Raw data:
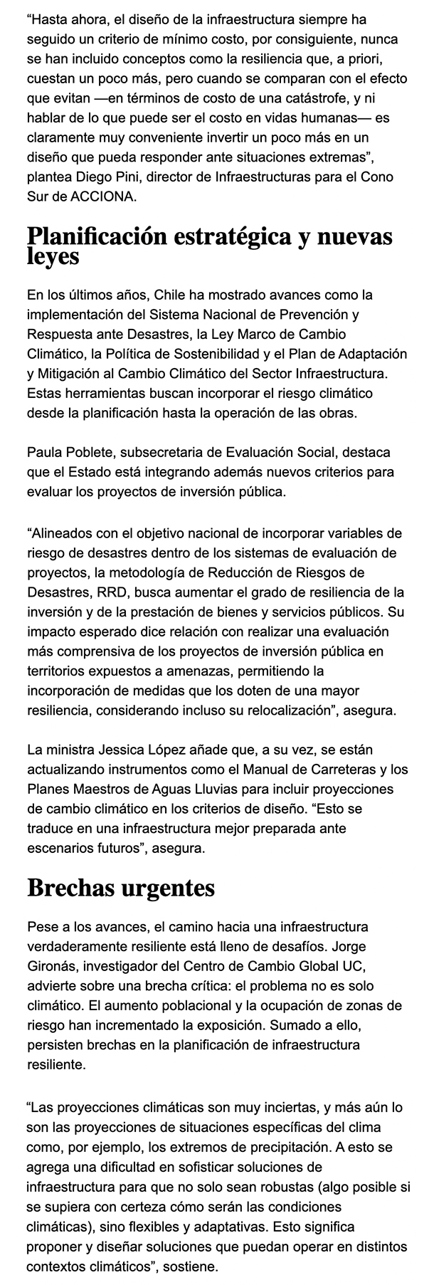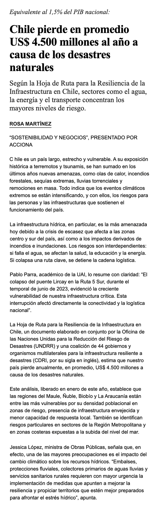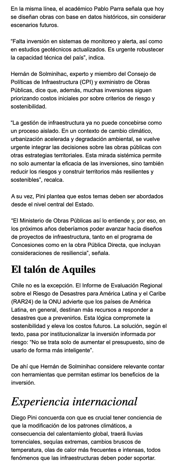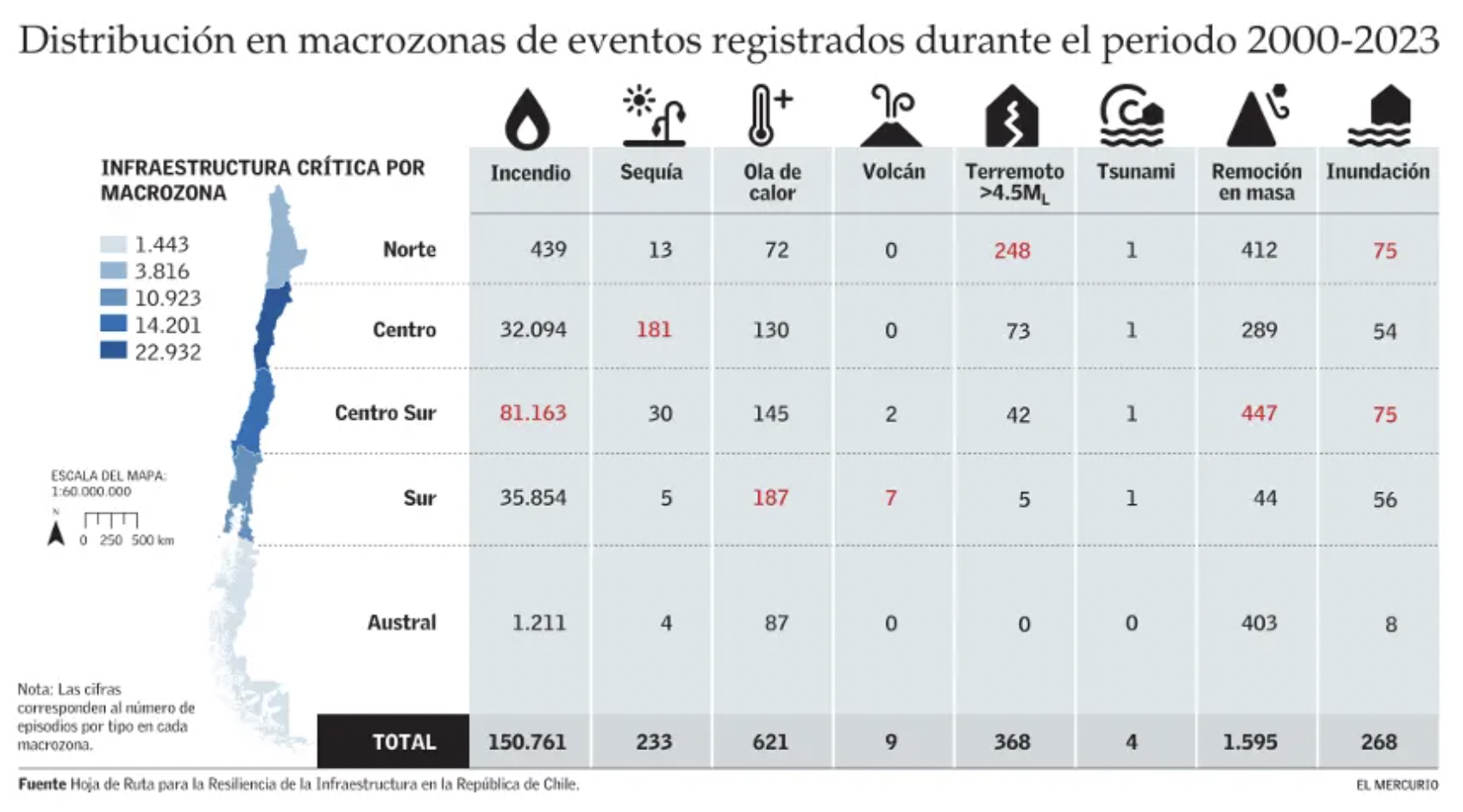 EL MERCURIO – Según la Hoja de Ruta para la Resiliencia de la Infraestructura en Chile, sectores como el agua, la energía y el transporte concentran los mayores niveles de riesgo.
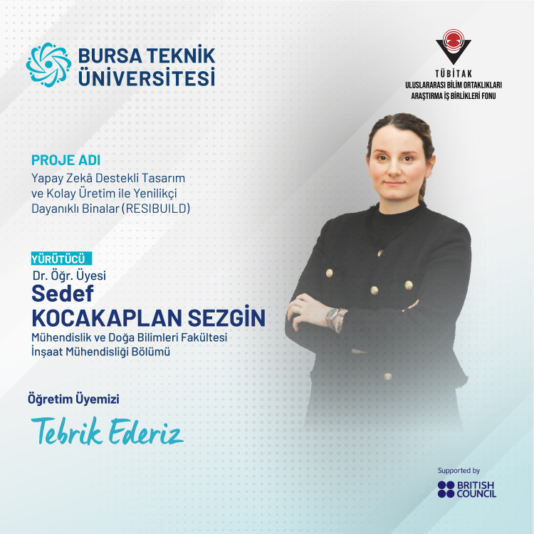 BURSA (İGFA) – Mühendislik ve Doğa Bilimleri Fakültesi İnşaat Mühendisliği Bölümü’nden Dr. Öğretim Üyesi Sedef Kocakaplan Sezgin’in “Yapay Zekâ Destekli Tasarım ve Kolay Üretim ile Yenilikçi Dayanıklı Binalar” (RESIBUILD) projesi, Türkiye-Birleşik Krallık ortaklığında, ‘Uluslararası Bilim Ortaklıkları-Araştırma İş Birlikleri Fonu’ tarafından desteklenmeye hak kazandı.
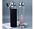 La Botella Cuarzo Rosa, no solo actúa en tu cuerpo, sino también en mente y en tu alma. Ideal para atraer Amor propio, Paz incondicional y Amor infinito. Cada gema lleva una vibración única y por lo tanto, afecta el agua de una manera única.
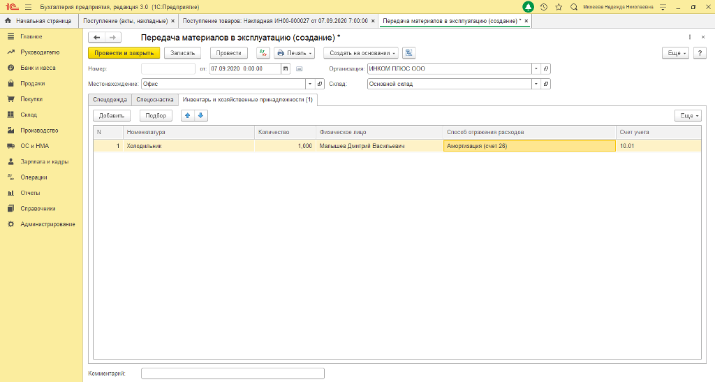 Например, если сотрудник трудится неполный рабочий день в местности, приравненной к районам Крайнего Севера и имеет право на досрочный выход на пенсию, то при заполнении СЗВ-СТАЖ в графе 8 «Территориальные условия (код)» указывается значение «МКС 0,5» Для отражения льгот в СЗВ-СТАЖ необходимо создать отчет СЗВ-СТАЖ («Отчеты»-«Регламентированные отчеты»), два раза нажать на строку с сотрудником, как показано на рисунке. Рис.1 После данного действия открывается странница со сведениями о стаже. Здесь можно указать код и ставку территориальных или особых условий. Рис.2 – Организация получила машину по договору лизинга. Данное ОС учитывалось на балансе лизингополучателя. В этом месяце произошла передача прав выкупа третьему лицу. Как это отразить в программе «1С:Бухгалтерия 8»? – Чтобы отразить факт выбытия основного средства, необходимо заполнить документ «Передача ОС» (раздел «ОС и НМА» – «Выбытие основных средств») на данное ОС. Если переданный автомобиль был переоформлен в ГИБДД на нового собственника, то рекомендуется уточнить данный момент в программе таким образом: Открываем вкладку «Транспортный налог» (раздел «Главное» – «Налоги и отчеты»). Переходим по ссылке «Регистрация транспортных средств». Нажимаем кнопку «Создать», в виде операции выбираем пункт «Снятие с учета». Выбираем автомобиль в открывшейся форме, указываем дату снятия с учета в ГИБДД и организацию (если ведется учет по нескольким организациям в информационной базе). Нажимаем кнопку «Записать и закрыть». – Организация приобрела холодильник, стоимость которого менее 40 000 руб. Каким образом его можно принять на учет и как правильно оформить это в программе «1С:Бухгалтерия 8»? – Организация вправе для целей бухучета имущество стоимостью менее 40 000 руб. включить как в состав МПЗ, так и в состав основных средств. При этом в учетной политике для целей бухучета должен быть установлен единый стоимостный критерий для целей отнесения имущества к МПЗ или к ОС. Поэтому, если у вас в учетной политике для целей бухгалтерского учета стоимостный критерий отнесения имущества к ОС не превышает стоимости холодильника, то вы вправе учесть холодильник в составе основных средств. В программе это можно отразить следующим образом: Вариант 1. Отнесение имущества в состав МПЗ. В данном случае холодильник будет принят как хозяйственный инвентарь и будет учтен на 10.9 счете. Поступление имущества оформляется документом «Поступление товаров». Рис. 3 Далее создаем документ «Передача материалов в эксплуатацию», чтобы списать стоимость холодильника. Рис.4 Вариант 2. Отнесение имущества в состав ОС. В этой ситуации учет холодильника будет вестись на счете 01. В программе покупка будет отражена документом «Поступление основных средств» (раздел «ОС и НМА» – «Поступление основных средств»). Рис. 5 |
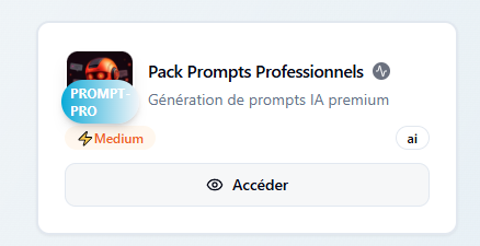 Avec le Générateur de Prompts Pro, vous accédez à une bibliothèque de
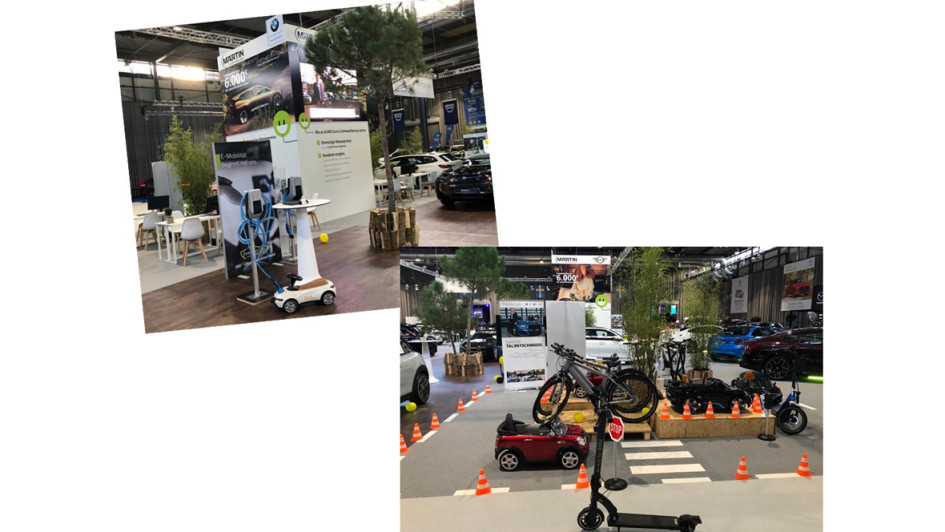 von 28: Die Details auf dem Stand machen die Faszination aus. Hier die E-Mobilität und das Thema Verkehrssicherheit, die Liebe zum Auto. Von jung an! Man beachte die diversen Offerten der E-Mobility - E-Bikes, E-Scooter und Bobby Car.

---

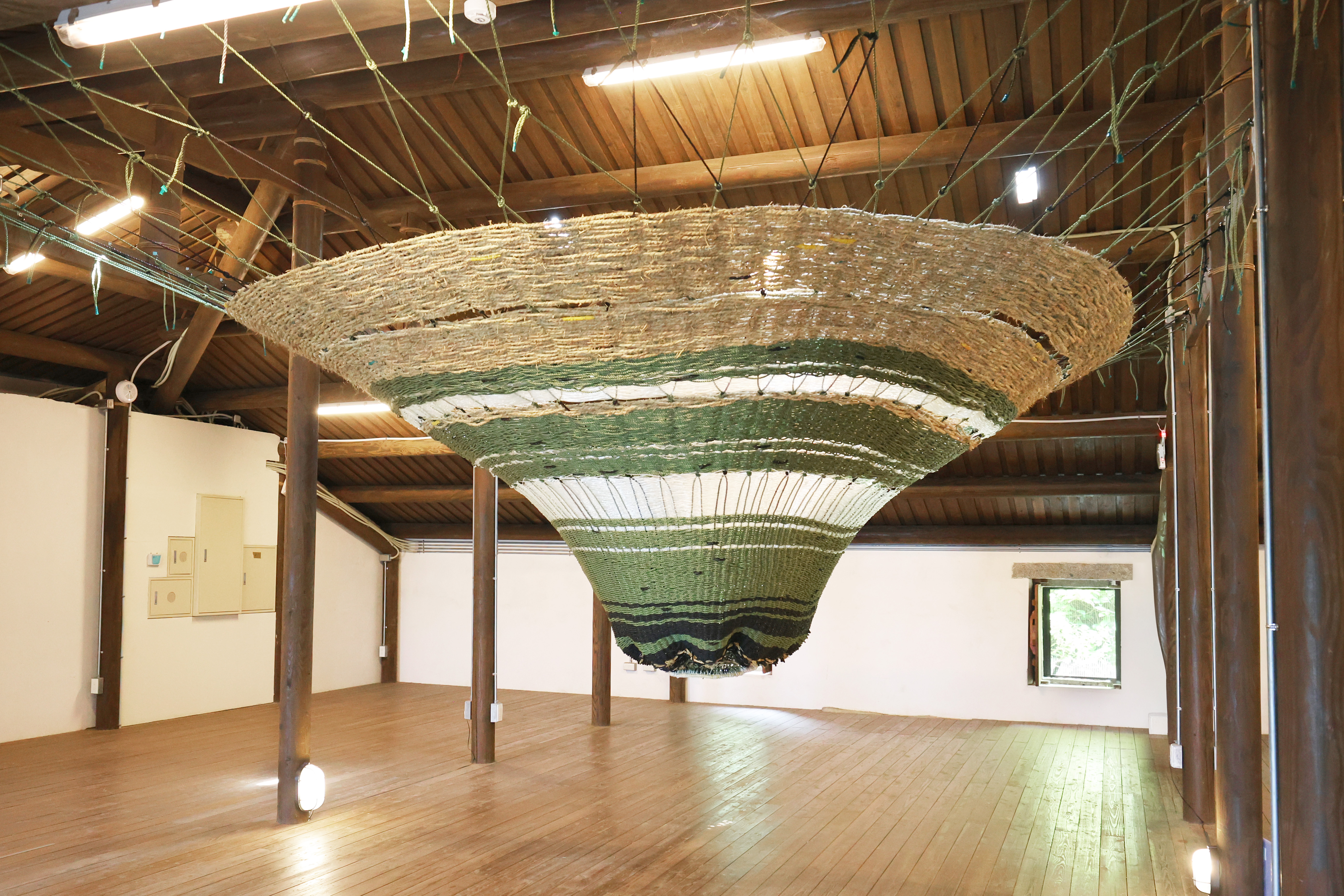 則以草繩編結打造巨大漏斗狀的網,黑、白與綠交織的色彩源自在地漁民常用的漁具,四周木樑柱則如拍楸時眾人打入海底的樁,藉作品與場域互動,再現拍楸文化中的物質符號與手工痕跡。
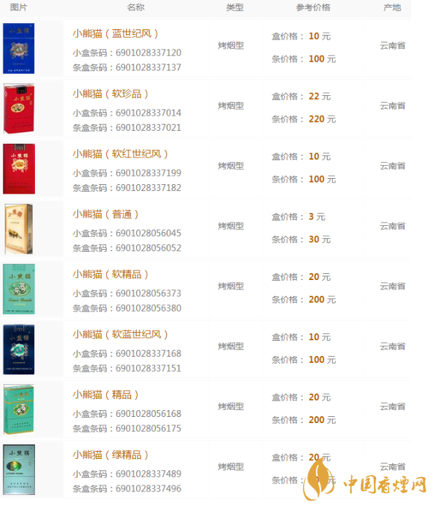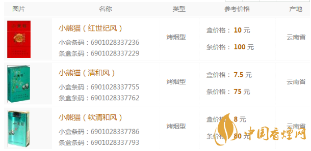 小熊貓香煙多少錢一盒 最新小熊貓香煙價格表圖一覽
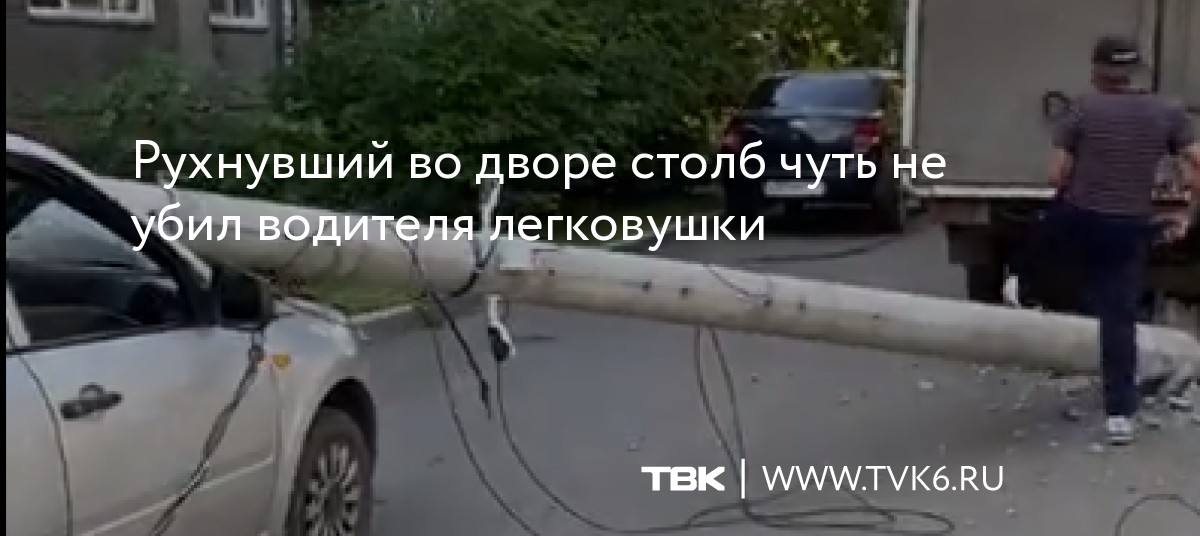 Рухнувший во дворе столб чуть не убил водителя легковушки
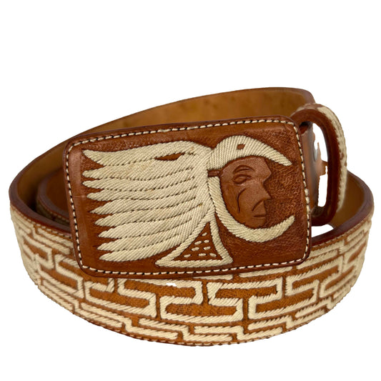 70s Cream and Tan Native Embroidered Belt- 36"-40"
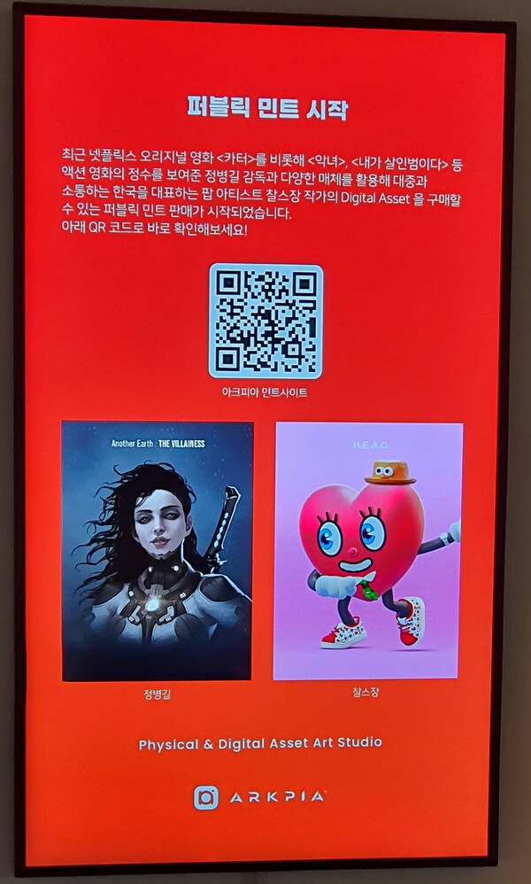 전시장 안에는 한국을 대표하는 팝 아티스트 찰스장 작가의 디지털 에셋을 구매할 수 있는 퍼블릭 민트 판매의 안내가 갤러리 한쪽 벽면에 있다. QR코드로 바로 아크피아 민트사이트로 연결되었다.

==

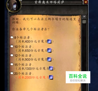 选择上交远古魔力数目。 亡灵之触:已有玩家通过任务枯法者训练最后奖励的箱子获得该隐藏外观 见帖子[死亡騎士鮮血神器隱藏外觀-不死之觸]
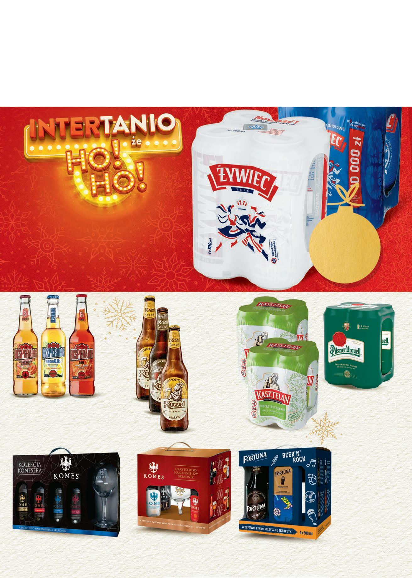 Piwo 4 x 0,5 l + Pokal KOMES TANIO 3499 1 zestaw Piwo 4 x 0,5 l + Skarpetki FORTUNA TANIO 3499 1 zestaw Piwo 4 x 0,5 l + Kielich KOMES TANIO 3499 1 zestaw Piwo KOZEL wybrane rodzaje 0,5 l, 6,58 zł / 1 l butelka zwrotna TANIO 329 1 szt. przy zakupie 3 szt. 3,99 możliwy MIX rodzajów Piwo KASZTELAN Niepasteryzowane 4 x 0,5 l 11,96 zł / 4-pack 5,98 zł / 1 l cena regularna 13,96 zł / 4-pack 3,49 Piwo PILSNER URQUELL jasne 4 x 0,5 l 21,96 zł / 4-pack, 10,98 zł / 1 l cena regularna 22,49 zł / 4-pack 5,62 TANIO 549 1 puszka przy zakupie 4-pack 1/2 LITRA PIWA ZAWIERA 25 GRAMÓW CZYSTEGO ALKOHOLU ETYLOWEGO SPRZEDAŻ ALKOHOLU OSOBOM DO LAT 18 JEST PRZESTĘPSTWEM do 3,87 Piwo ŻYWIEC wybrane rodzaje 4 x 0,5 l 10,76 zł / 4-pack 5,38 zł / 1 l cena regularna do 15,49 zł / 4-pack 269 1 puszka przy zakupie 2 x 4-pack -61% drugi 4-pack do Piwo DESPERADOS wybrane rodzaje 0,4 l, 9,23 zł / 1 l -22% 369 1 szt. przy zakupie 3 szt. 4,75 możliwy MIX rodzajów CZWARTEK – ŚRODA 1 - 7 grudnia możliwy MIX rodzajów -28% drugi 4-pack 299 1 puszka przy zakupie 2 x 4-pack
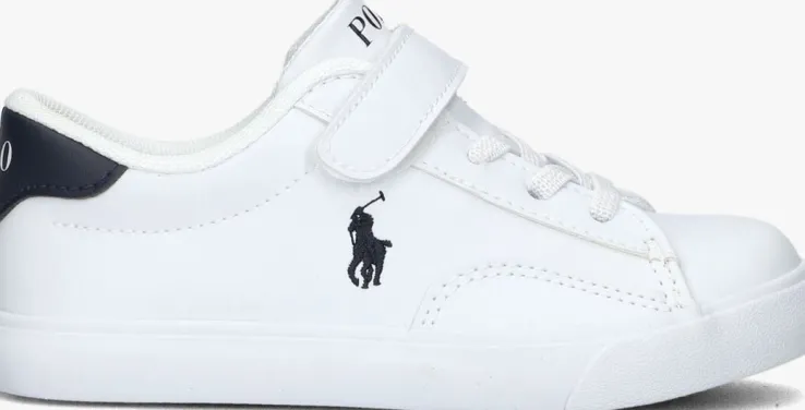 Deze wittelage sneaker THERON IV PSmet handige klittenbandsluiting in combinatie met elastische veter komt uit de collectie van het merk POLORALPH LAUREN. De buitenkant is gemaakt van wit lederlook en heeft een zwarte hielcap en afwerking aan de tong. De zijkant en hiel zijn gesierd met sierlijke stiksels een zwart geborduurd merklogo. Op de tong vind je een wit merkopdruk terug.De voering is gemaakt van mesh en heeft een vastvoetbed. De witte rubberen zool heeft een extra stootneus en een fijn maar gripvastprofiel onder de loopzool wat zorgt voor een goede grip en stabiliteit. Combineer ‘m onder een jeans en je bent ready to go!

Problem requirements: Given the listing above, retype only the span of lines from the line with "70s Cream and" up to and including the line with "전시장 안에는 한국을", exactly as it stands and without pictures.

Solution:
 70s Cream and Tan Native Embroidered Belt- 36"-40"
 전시장 안에는 한국을 대표하는 팝 아티스트 찰스장 작가의 디지털 에셋을 구매할 수 있는 퍼블릭 민트 판매의 안내가 갤러리 한쪽 벽면에 있다. QR코드로 바로 아크피아 민트사이트로 연결되었다.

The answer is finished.